TASK: Repeat only these lines, exactly: the first line of the data, the line containing "据悉,《医药价格风险线索通报", and every line between them. Pictures stay out.
########################################
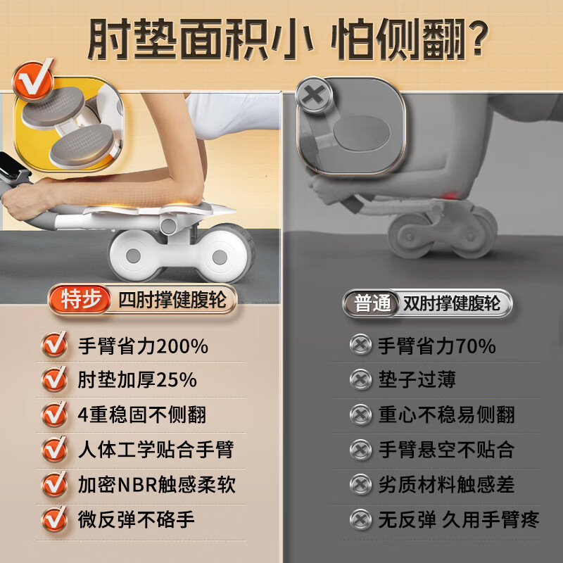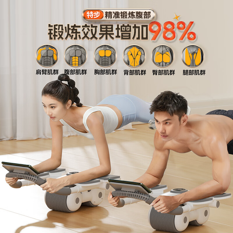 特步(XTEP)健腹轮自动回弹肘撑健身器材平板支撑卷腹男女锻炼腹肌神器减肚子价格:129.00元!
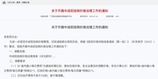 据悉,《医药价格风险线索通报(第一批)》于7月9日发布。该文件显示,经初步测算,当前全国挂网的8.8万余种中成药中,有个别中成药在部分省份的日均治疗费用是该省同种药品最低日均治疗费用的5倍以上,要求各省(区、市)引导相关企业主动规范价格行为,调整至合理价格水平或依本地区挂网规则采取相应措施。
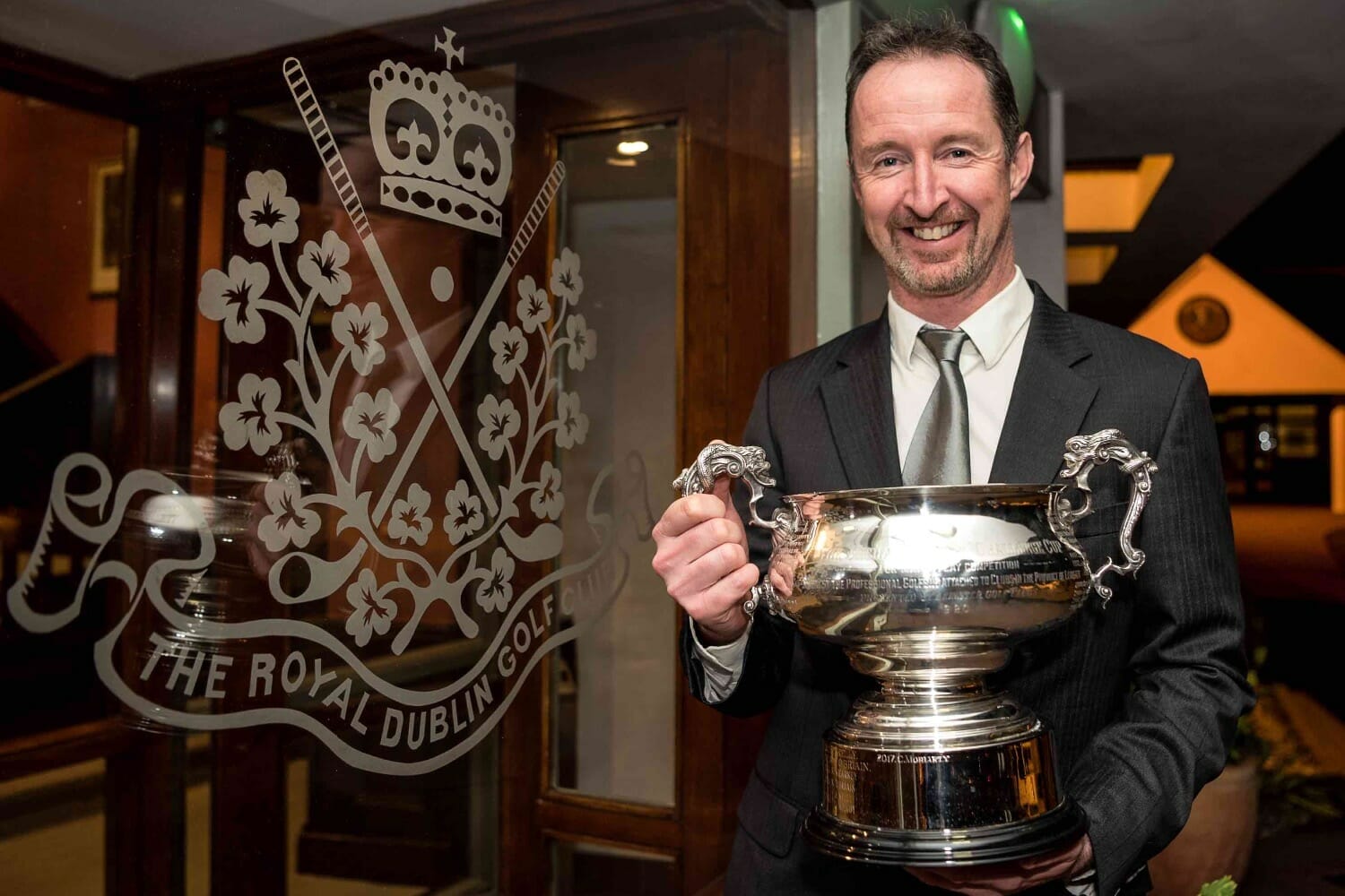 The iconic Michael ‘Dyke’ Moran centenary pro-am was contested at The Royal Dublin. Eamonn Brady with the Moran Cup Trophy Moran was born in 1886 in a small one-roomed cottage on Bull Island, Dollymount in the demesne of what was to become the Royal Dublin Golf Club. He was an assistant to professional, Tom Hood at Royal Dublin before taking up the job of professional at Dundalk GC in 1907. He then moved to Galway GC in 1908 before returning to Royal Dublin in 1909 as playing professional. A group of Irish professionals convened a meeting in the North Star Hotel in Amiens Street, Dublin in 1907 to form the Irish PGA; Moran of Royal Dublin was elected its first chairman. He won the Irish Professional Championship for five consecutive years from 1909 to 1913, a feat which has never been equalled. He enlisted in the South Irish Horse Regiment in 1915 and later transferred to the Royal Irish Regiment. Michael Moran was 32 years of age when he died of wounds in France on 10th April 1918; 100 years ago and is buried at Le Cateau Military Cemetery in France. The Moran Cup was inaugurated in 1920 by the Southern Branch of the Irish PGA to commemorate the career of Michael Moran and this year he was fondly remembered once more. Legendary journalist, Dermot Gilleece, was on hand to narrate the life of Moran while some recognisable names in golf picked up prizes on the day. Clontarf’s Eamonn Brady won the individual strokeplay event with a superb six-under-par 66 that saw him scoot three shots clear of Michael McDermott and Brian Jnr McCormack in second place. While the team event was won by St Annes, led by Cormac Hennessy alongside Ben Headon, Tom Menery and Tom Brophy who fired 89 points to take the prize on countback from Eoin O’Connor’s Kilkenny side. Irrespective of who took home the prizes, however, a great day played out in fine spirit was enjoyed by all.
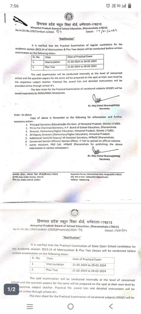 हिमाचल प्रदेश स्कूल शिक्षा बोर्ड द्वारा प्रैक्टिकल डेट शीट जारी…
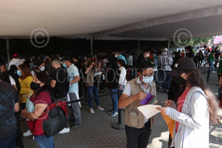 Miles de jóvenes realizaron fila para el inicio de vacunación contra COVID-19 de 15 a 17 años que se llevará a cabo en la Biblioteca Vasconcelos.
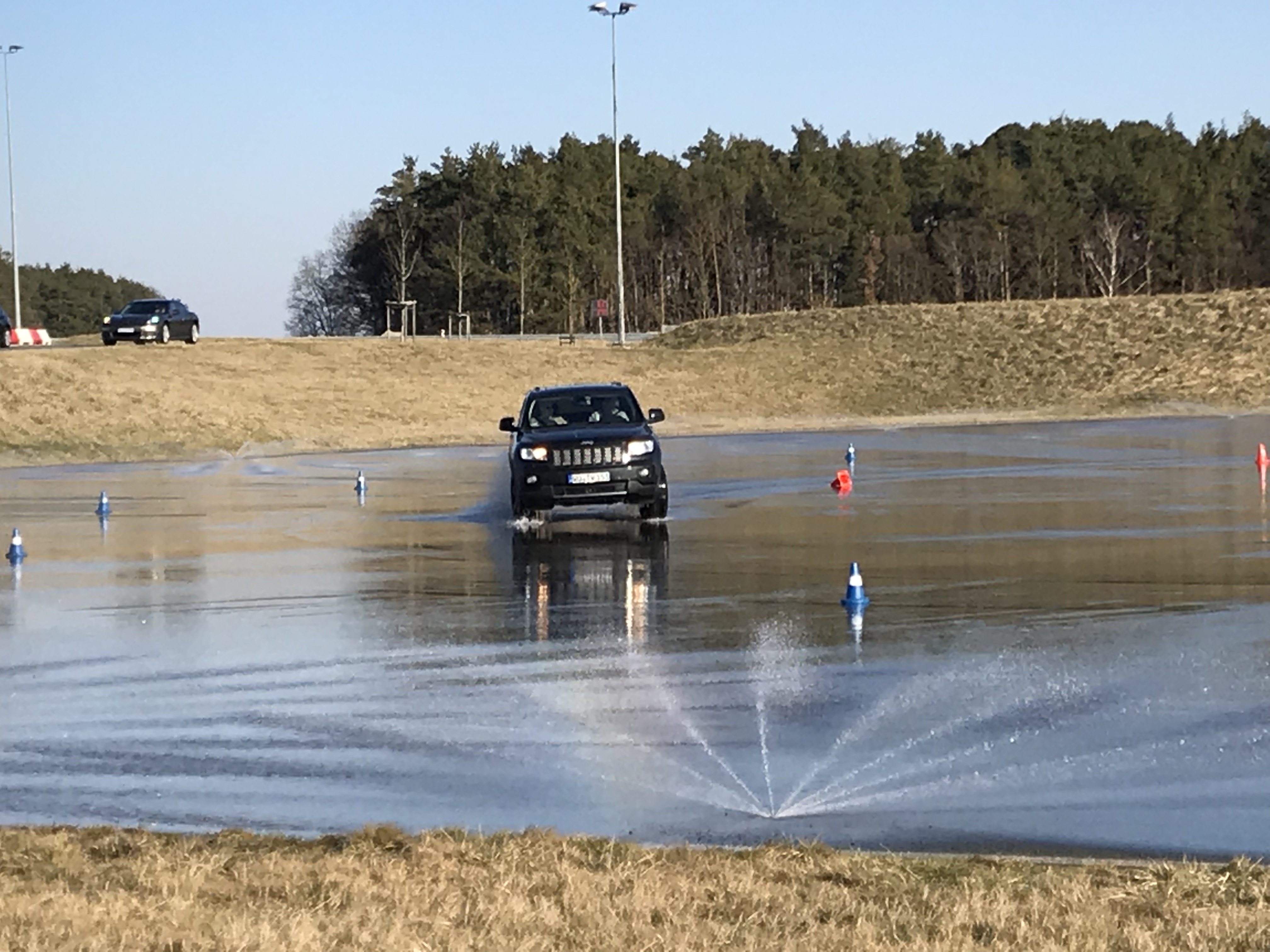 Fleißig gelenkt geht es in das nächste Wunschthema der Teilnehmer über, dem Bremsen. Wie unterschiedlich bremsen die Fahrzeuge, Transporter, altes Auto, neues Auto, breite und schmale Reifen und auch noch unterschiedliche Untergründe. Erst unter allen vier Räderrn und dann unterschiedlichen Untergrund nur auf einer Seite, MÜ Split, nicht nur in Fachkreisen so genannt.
########################################
TASK RESULT:
 特步(XTEP)健腹轮自动回弹肘撑健身器材平板支撑卷腹男女锻炼腹肌神器减肚子价格:129.00元!
 据悉,《医药价格风险线索通报(第一批)》于7月9日发布。该文件显示,经初步测算,当前全国挂网的8.8万余种中成药中,有个别中成药在部分省份的日均治疗费用是该省同种药品最低日均治疗费用的5倍以上,要求各省(区、市)引导相关企业主动规范价格行为,调整至合理价格水平或依本地区挂网规则采取相应措施。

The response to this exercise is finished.